Mining Patterns in Dirty Data for Detecting and Correcting Inconsistencies

Date: 10 October 2018

Venue: Campus Middelheim, A.143 - Middelheimlaan 1 - 2020 Antwerpen (route: UAntwerpen, Campus Middelheim)

Time: 4:00 PM

Organization / co-organization: Department of Mathematics and Computer Science

PhD candidate: Joeri Rammelaere

Principal investigator: Floris Geerts & Bart Goethals

Short description: PhD defence Joeri Rammelaere - Faculty of Science, Department of Mathematics and Computer Science


Data is being generated, scraped, and integrated at never before seen rates. At the same time, quality control over this data does not measure up. Much of the data is obtained through unreliable sources, such as faulty sensors, software based on heuristics, and overworked humans. Consequently, these massive amounts of data are becoming increasingly dirty.

This phenomenon is problematic for any sizeable organization, and is estimated to cost the US economy alone anywhere between millions and trillions of dollars each year. Apart from companies suffering financial losses, dirty data also impacts areas such as data analysis, knowledge discovery from databases, and machine learning. These applications typically rely on large amounts of data, and since said data is often dirty, this can lead to wrong conclusions, faulty models, or false patterns.

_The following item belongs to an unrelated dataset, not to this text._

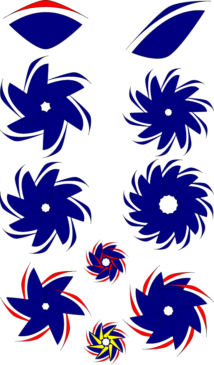 This features a collection of blue and red pinwheel designs. There are six distinct pinwheels in total, each with different shapes and sizes. Some of the pinwheels have a more rounded shape while others have a more angular appearance. These intricate designs create an eye-catching pattern that showcases the creativity behind them. The blue and red color scheme adds a vibrant touch to the overall composition, making it visually appealing and engaging for viewers.

In this dissertation we focus on erroneous data, in the form of value combinations that violate certain logical rules. These rules are called quality rules, and typically specify what clean data should look like. Throughout the dissertation, we have investigated the problem of discovering such quality rules from different angles. The main challenge here is that, in a typical scenario, the correct rules are unknown. We have tackled this problem by involving a user in the discovery process, and by employing a suitable interestingness measure for discovering violations of quality rules. The techniques used are mostly rooted in the area of pattern mining, a subfield of knowledge discovery from databases, aimed at discovering interesting associations between objects or events.